• [Exercise brief] Using the listing below, set down each line from the line containing "ご披露宴会場は青いクロスと白いナプキン!シンデレラのイメージ。" through the line containing "Выпуклый рисунок на", both ends included, exactly and with nothing added.

• [Data records]
• • • • • • •

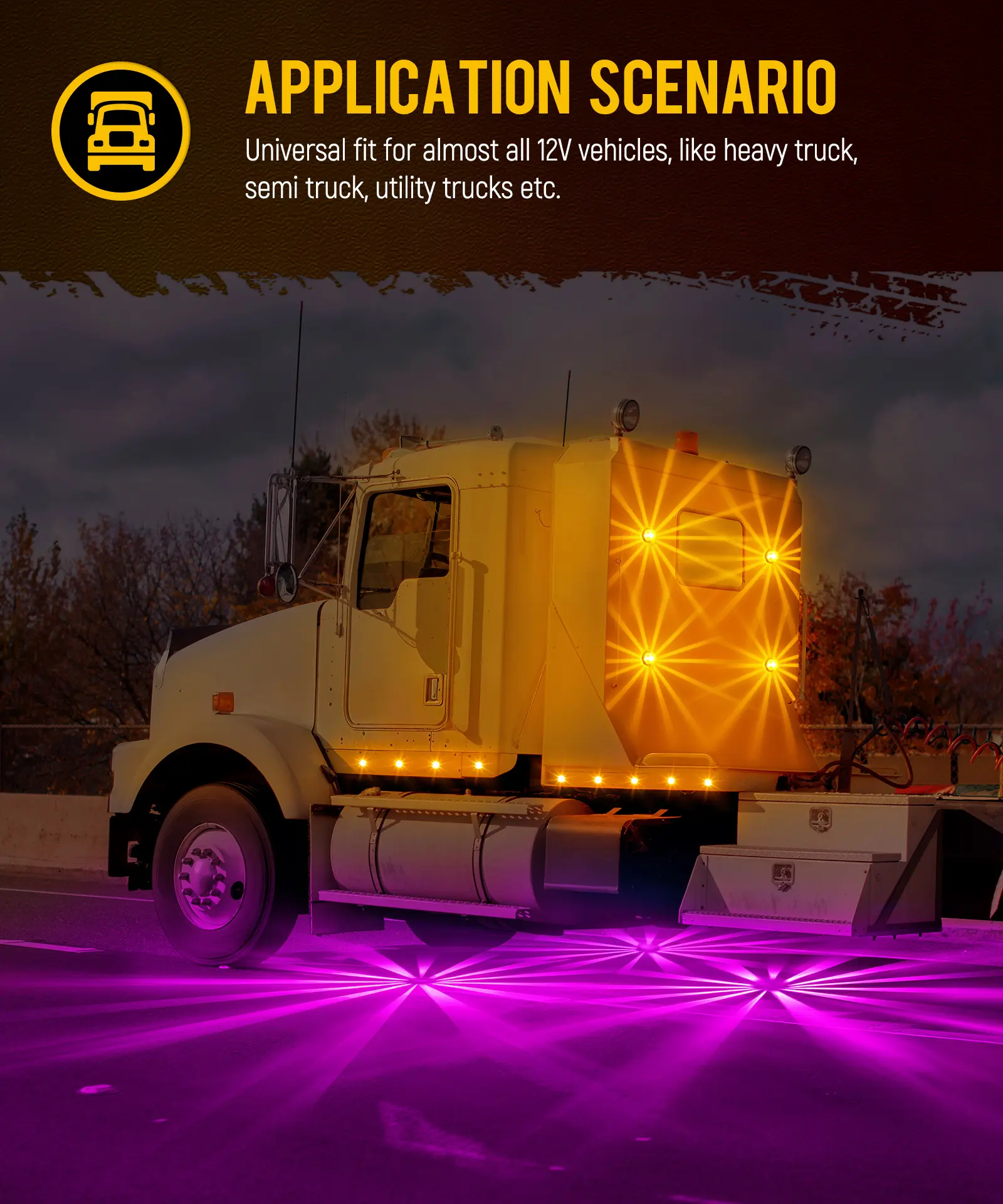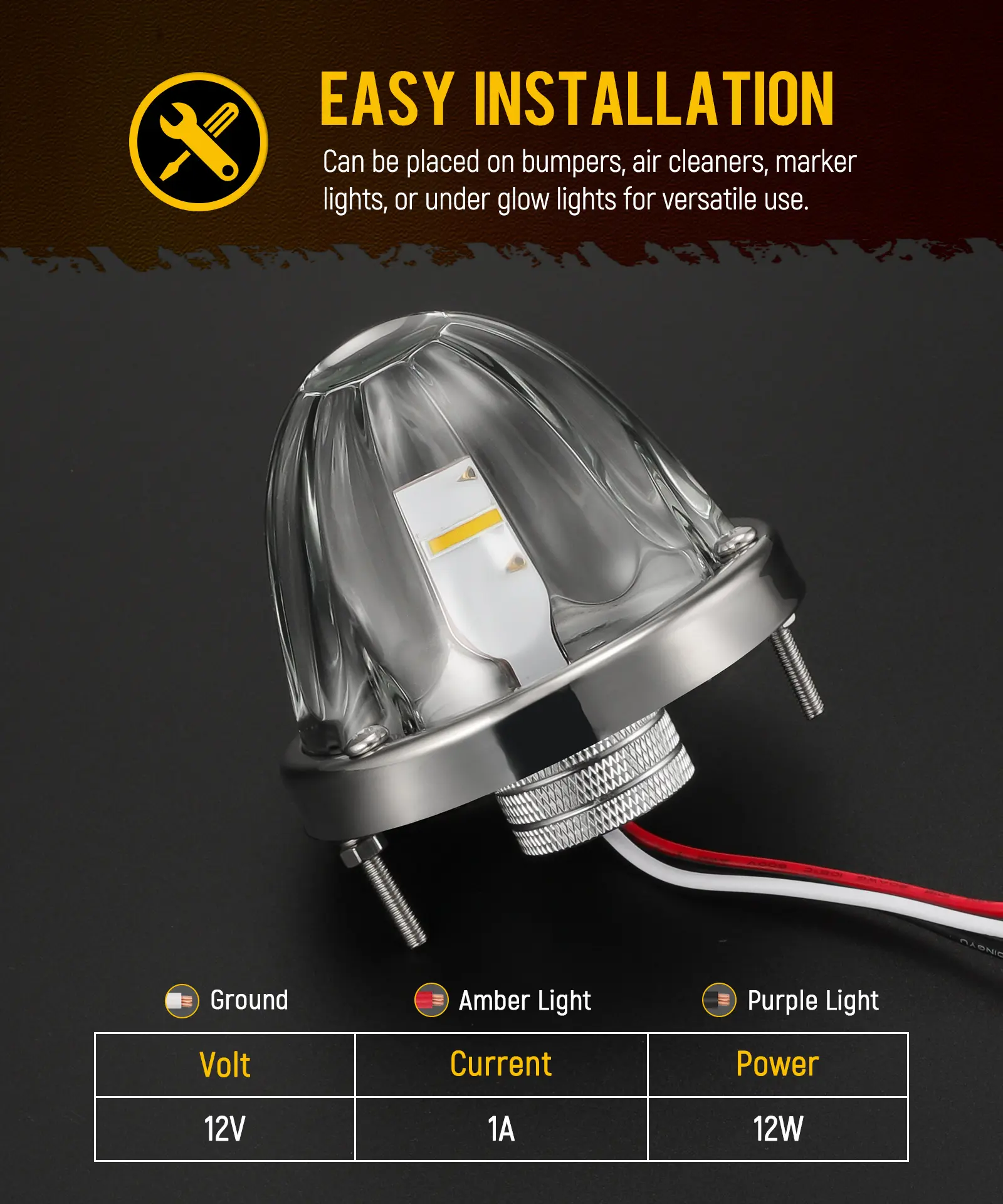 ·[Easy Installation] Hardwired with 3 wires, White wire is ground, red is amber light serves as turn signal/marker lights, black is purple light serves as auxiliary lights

• • • • • • •

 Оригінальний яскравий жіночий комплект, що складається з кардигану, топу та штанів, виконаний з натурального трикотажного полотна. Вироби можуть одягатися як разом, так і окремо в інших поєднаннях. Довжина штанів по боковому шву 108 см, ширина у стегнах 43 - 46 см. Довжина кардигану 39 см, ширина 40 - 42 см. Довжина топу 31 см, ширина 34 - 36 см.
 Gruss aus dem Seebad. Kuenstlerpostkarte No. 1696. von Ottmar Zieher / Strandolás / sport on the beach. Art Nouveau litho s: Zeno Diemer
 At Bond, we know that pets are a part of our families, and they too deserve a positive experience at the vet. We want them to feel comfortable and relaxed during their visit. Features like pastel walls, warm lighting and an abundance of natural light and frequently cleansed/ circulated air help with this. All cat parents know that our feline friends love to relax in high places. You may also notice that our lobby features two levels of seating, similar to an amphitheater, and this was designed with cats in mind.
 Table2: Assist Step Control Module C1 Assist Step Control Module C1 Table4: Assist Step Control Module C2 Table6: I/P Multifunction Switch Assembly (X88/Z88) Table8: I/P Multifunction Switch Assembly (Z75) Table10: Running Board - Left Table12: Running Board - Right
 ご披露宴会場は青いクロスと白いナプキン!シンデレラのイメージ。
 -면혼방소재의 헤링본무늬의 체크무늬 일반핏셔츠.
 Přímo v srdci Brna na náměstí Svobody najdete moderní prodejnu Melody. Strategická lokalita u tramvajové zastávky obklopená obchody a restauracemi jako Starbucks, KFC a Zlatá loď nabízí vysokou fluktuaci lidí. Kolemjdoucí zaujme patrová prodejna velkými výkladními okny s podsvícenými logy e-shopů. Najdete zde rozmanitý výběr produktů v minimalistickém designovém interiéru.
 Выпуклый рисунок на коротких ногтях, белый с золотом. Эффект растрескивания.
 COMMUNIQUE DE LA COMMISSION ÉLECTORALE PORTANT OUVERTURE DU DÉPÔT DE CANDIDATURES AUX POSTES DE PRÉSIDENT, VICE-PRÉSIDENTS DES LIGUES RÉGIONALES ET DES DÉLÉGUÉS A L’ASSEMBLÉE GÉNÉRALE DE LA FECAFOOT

• • • • • • •

• [Task solution]
 ご披露宴会場は青いクロスと白いナプキン!シンデレラのイメージ。
 -면혼방소재의 헤링본무늬의 체크무늬 일반핏셔츠.
 Přímo v srdci Brna na náměstí Svobody najdete moderní prodejnu Melody. Strategická lokalita u tramvajové zastávky obklopená obchody a restauracemi jako Starbucks, KFC a Zlatá loď nabízí vysokou fluktuaci lidí. Kolemjdoucí zaujme patrová prodejna velkými výkladními okny s podsvícenými logy e-shopů. Najdete zde rozmanitý výběr produktů v minimalistickém designovém interiéru.
 Выпуклый рисунок на коротких ногтях, белый с золотом. Эффект растрескивания.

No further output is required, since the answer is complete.